[Task item] For this exercise, return only the lines in the records below from the one holding "Для оббивки використовується" through the one holding "This mobility and", including both, exactly as they appear and without pictures.

[Given data]
━━━━
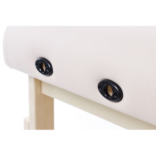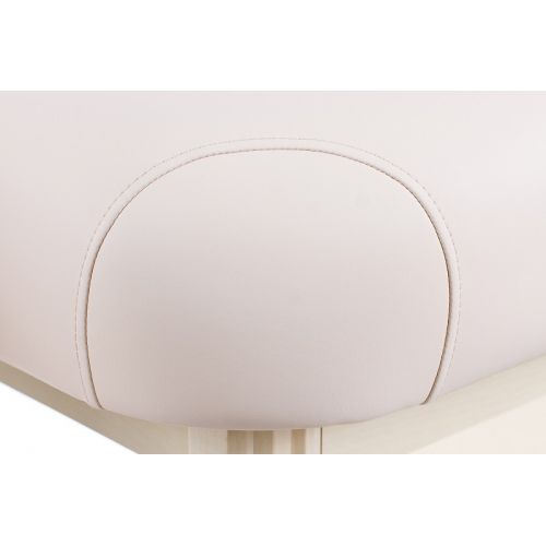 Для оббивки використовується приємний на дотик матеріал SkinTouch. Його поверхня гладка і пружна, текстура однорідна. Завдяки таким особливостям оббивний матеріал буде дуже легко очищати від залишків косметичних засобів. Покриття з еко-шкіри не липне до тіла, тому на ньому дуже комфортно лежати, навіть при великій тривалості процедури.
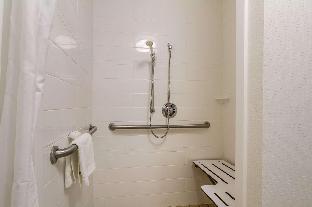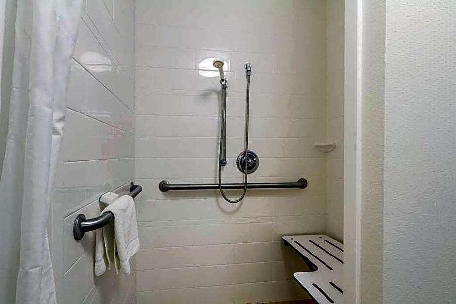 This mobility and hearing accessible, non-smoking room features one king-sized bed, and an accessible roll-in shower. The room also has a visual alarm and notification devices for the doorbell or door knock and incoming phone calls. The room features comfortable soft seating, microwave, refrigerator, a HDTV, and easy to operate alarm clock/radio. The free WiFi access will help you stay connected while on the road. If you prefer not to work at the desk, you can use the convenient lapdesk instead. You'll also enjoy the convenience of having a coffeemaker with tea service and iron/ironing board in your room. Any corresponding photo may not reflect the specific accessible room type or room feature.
━━━━
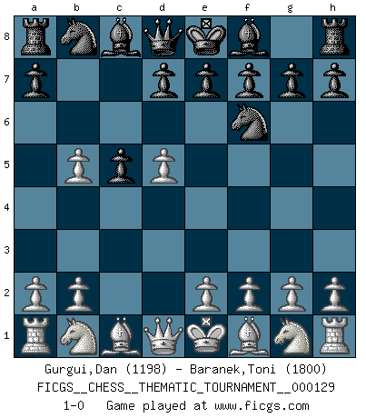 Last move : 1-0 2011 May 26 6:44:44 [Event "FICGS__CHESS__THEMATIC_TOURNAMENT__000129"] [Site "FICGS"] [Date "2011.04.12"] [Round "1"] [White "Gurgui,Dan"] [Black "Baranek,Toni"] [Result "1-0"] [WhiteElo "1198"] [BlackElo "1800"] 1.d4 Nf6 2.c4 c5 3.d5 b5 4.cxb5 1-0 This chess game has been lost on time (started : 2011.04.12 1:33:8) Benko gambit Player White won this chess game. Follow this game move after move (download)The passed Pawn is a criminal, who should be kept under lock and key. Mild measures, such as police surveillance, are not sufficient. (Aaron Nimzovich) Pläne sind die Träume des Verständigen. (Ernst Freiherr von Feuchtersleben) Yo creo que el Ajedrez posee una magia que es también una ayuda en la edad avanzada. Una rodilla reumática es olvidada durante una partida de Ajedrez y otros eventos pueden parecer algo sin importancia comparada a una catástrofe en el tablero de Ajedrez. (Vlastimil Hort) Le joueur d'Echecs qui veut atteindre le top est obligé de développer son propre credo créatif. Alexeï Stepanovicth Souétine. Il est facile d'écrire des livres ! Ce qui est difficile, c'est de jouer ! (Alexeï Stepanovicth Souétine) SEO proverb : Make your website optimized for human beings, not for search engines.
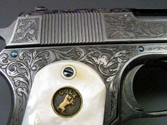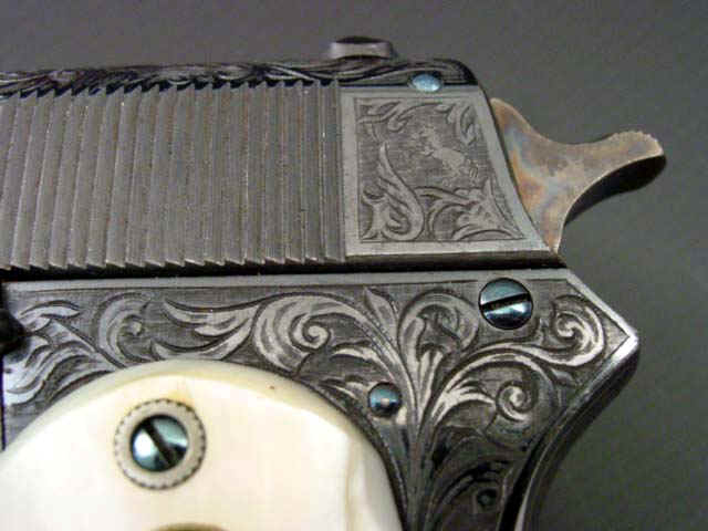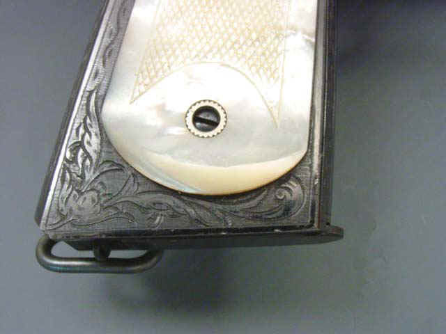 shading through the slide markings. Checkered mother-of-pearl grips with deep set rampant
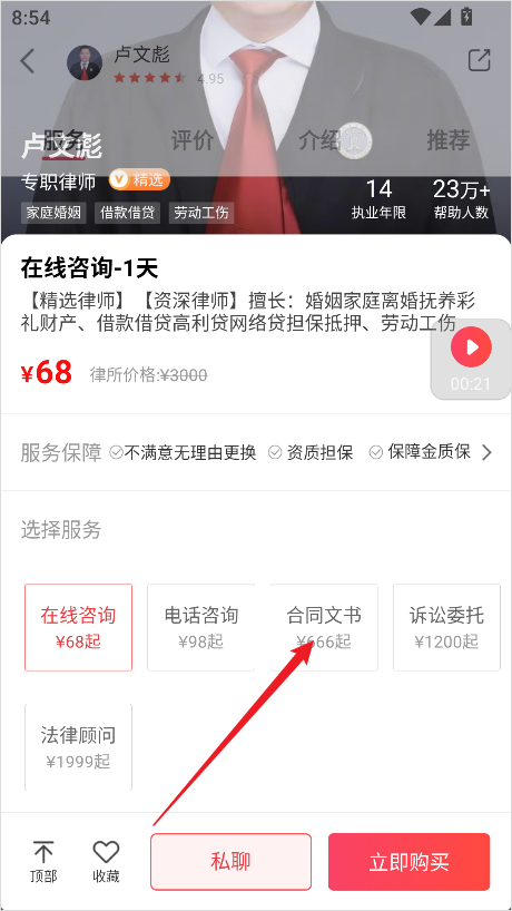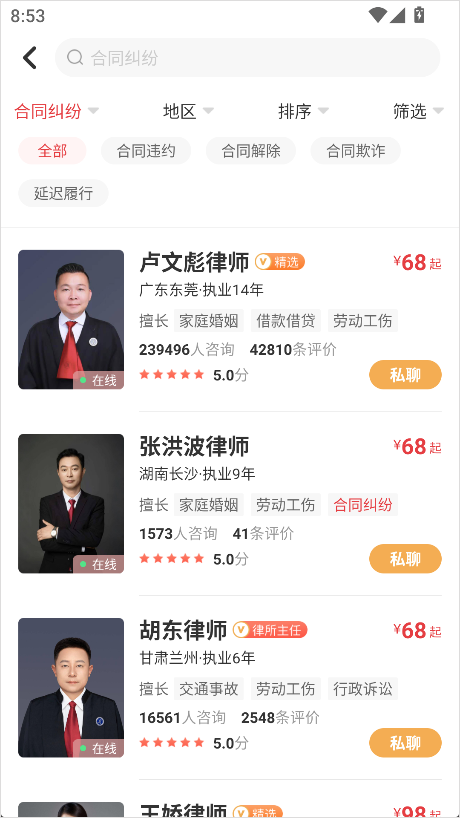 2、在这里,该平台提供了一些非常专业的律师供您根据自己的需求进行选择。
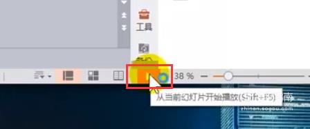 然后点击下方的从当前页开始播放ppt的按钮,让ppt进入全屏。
━━━━
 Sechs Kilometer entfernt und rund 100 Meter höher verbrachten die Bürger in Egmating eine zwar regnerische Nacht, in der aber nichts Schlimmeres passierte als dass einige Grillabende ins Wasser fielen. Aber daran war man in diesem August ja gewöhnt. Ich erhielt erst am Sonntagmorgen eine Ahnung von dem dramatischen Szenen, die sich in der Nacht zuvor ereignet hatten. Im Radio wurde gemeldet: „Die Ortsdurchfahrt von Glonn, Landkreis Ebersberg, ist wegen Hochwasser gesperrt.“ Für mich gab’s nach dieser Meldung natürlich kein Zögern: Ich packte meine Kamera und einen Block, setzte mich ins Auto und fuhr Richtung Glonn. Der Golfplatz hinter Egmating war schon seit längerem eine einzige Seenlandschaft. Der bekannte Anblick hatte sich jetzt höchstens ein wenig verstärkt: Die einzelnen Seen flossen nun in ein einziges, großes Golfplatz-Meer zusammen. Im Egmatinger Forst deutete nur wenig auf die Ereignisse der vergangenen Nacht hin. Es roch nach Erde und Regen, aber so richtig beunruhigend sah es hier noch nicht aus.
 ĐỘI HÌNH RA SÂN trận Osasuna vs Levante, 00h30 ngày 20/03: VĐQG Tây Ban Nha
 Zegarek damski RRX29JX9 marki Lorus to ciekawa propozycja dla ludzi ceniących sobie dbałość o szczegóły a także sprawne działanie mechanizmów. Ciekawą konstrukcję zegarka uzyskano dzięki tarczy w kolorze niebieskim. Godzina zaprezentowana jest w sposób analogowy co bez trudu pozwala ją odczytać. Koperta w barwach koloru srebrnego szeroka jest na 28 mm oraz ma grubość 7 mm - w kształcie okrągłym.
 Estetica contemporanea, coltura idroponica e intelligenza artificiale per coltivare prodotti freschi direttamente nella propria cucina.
━━━━
[Completed exercise]
 Для оббивки використовується приємний на дотик матеріал SkinTouch. Його поверхня гладка і пружна, текстура однорідна. Завдяки таким особливостям оббивний матеріал буде дуже легко очищати від залишків косметичних засобів. Покриття з еко-шкіри не липне до тіла, тому на ньому дуже комфортно лежати, навіть при великій тривалості процедури.
 This mobility and hearing accessible, non-smoking room features one king-sized bed, and an accessible roll-in shower. The room also has a visual alarm and notification devices for the doorbell or door knock and incoming phone calls. The room features comfortable soft seating, microwave, refrigerator, a HDTV, and easy to operate alarm clock/radio. The free WiFi access will help you stay connected while on the road. If you prefer not to work at the desk, you can use the convenient lapdesk instead. You'll also enjoy the convenience of having a coffeemaker with tea service and iron/ironing board in your room. Any corresponding photo may not reflect the specific accessible room type or room feature.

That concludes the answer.